Document Type

Article

Publication Date

2009

Abstract

Today, individual U.S. retail investors have virtually limitless opportunities to invest their money, with a notable exception: they cannot directly invest in securities of foreign issuers and still be protected under U.S. law. This missing opportunity deprives U.S. investors of the ability to fully diversify their investments and also imposes undue costs and risks upon investors seeking to invest directly overseas. This Article shows that a Securities and Exchange Commission ("SEC") policy of "mutual recognition" of foreign regulatory regimes that achieve investor protection outcomes comparable to those of the SEC would solve this problem. A foreign issuer or other entity seeking to access U.S. capital markets should be permitted to substitute compliance with its home country's investor protection regulations for compliance with U.S. regulation, as long as it agreed to submit to SEC antifraud jurisdiction in its dealings with U.S. investors. The foreign entity would thereby not have to comply with federal securities law to have access to individual U.S. investors, as is currently the case. Similarly, U.S. entities should be permitted to enter foreign markets without subjecting themselves to a second layer of regulation on top of what the SEC already requires.
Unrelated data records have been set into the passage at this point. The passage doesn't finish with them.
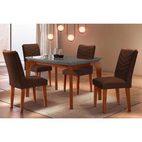 Sala de Jantar Completa Londrina c/ Tampo Madeirado Vidro Canto Reto 120x80cm e 4 cadeiras Londrina Imbuia/Grafite - Veludo Marrom - Rufato
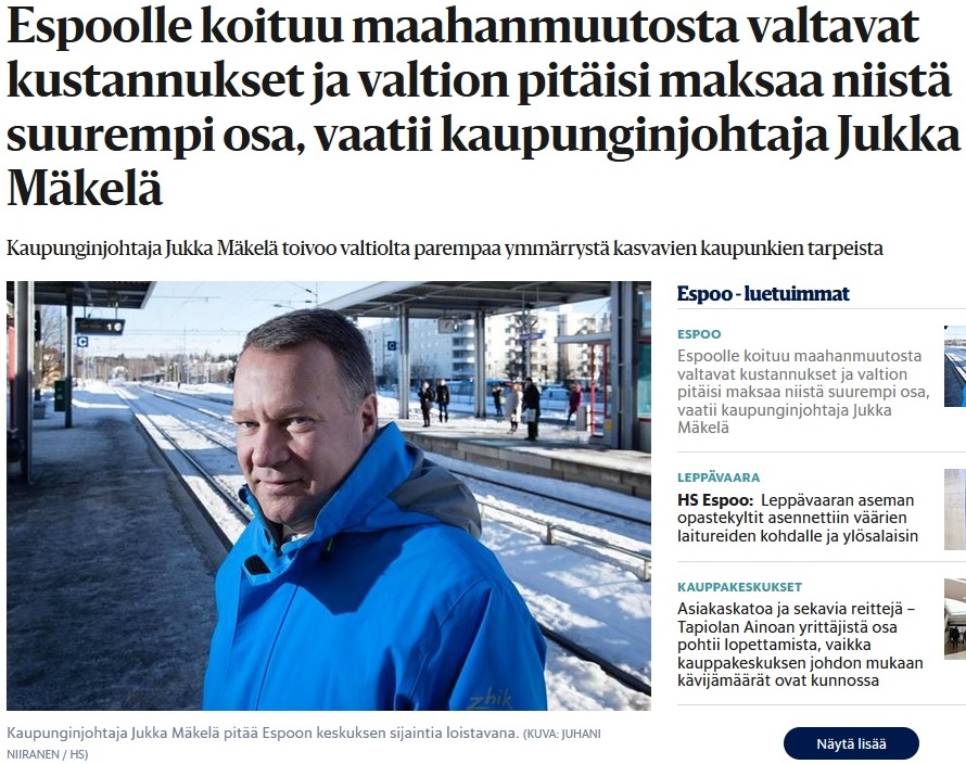Valtion tosiaan pitäisi maksaa enemmän Espoolle ja muilla maahanmuuttajavaltaisille kunnille tästä "rikkaudesta" (HS 4.3.2019).
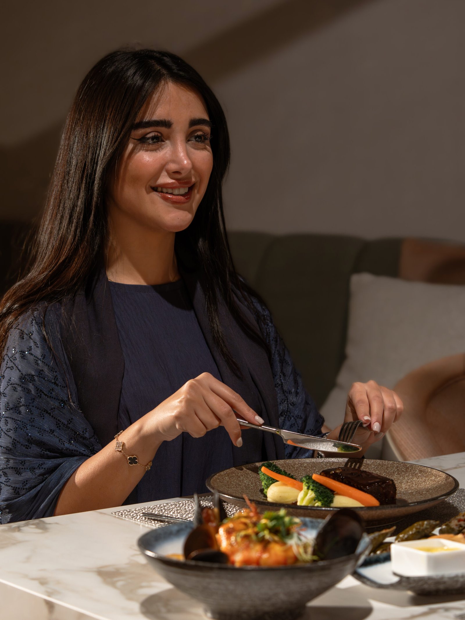 تتحول الإطلالة إلى مشهد نابض بالحياة، حيث تتلألأ أضواء المدينة في الأسفل لتضفي بعداً درامياً على كل لحظة داخل المطعم. كل عنصر، من الخدمة الهادئة إلى التصميم الأنيق، يجسد مفهوماً راقياً للفخامة المتزنة، حيث تسود العناية بالتفاصيل دون تكلف.
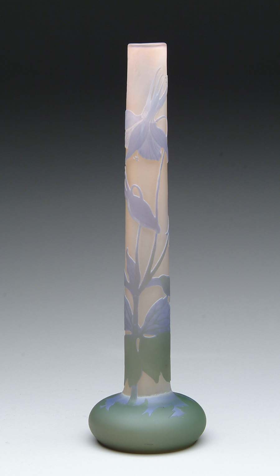 GALLE CAMEO STICK VASE. Lovely Galle stick vase has lavender, green and white cameo flowers, leaves and vines against a pink background. Signed on the side in cameo “*Galle”. SIZE: 11 in. t. CONDITION: Very good to excellent. 5-61247 (1,800-2,200)

Under an outcome-based approach to transnational investment, U.S. companies could then opt for foreign regulation and sell securities to U.S. investors as foreign-regulated issuers, as could foreign entities with respect to their home regulator. Allowing firms to choose a regulator from the set of nations with comparable investor protections would intensify the regulatory competition already taking place around the globe, and help to ensure that such competition serves the interests of investors.